American computer scientist (1937–2026)

David Gilbert Luenberger (September 16, 1937 – May 19, 2026) was an American mathematical scientist known for his research and his textbooks, which center on mathematical optimization. He was a professor in the department of Management Science and Engineering at Stanford University.

== Biography ==
Luenberger was one of the original founders of the Department of Engineering-Economic Systems in 1967. He served as chairman of the department for eleven years. He worked as a professor at the University for 50 years, retiring as of September 2013.
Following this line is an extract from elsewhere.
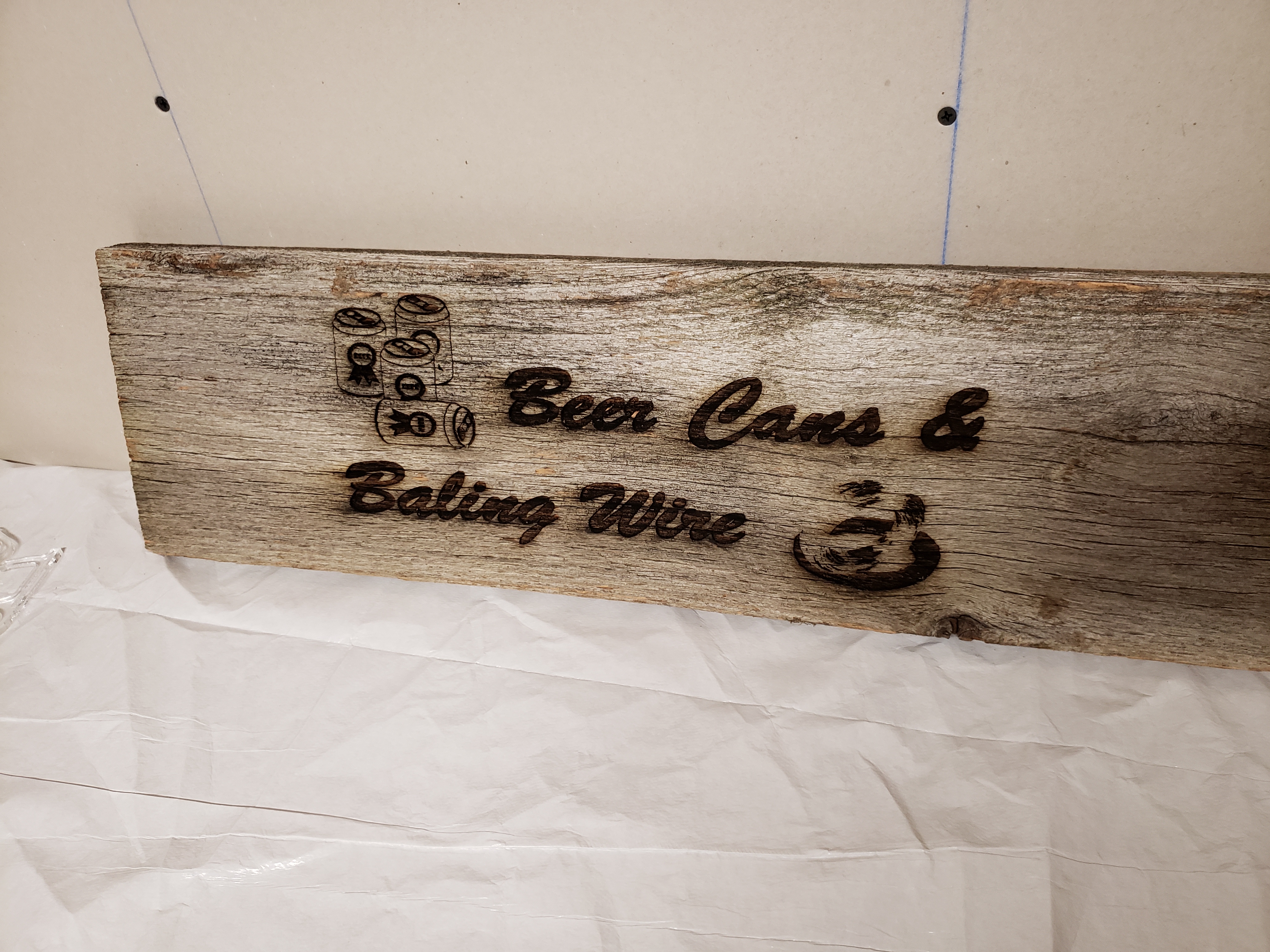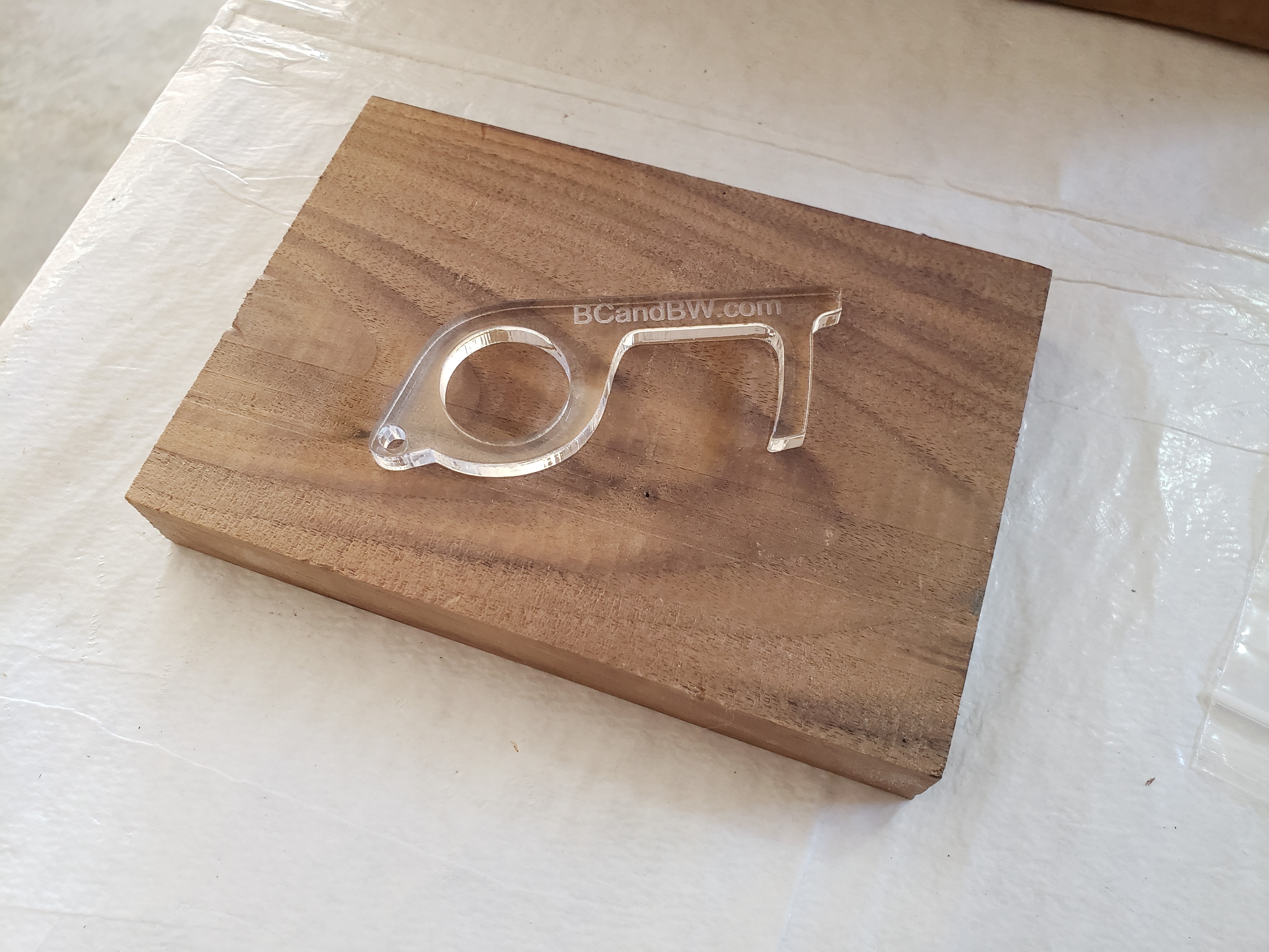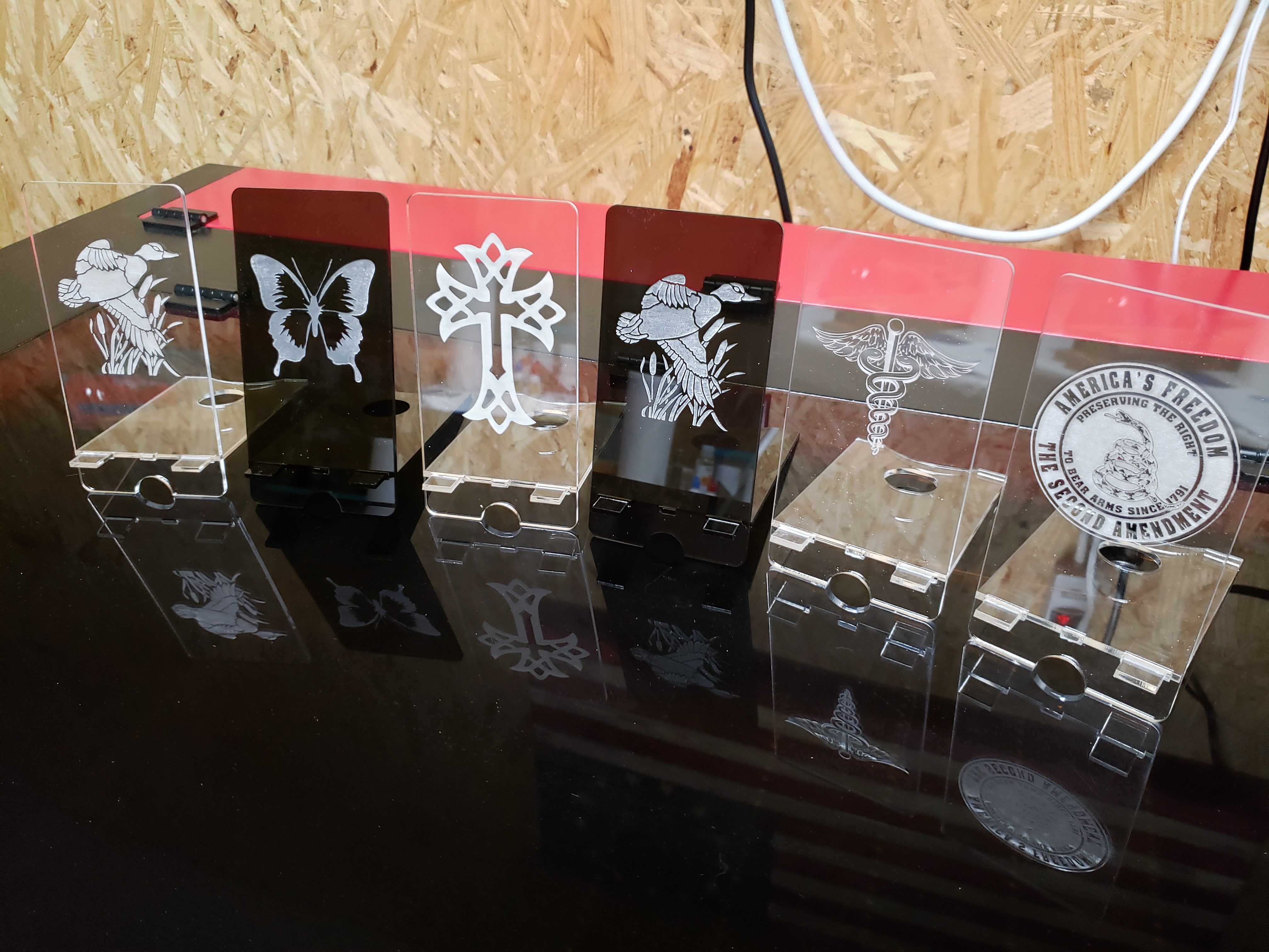 Engraving cost is based on time/power required ($.85/hr per watt). For example, the shown sample took 26 minutes at 60 watts, so the engraving itself cost $22.10,

He has over 70 technical publications on systems and control, in optimization, in microeconomics, and in financial engineering. His Investment Science is widely prescribed and referenced by finance academics and practitioners.

He received his B.S. in Electrical Engineering from the California Institute of Technology in 1959, and he received his Ph.D. in Electrical Engineering from Stanford University in 1963. His PhD thesis was titled, "Determining the State of a Linear System with Observers of Low Dynamic Order". In his dissertation Luenberger introduced new methods for construction of state observers. The celebrated Luenberger observer is named after him.

Luenberger died on May 19, 2026, at the age of 88.

== Books ==
- Luenberger, David G. (2006). "Information Science"
- Luenberger, David G. (1997). "Investment Science"
- Luenberger, David G. (1995). "Microeconomic Theory"
- Luenberger, David G. (2008). "Linear and nonlinear programming"
- Luenberger, David G. (1979). "Introduction to Dynamic Systems: Theory, Models and Applications"
- Luenberger, David G. (1997). "Optimization by Vector Space Methods"
==See also==
- List of members of the National Academy of Engineering (Electronics)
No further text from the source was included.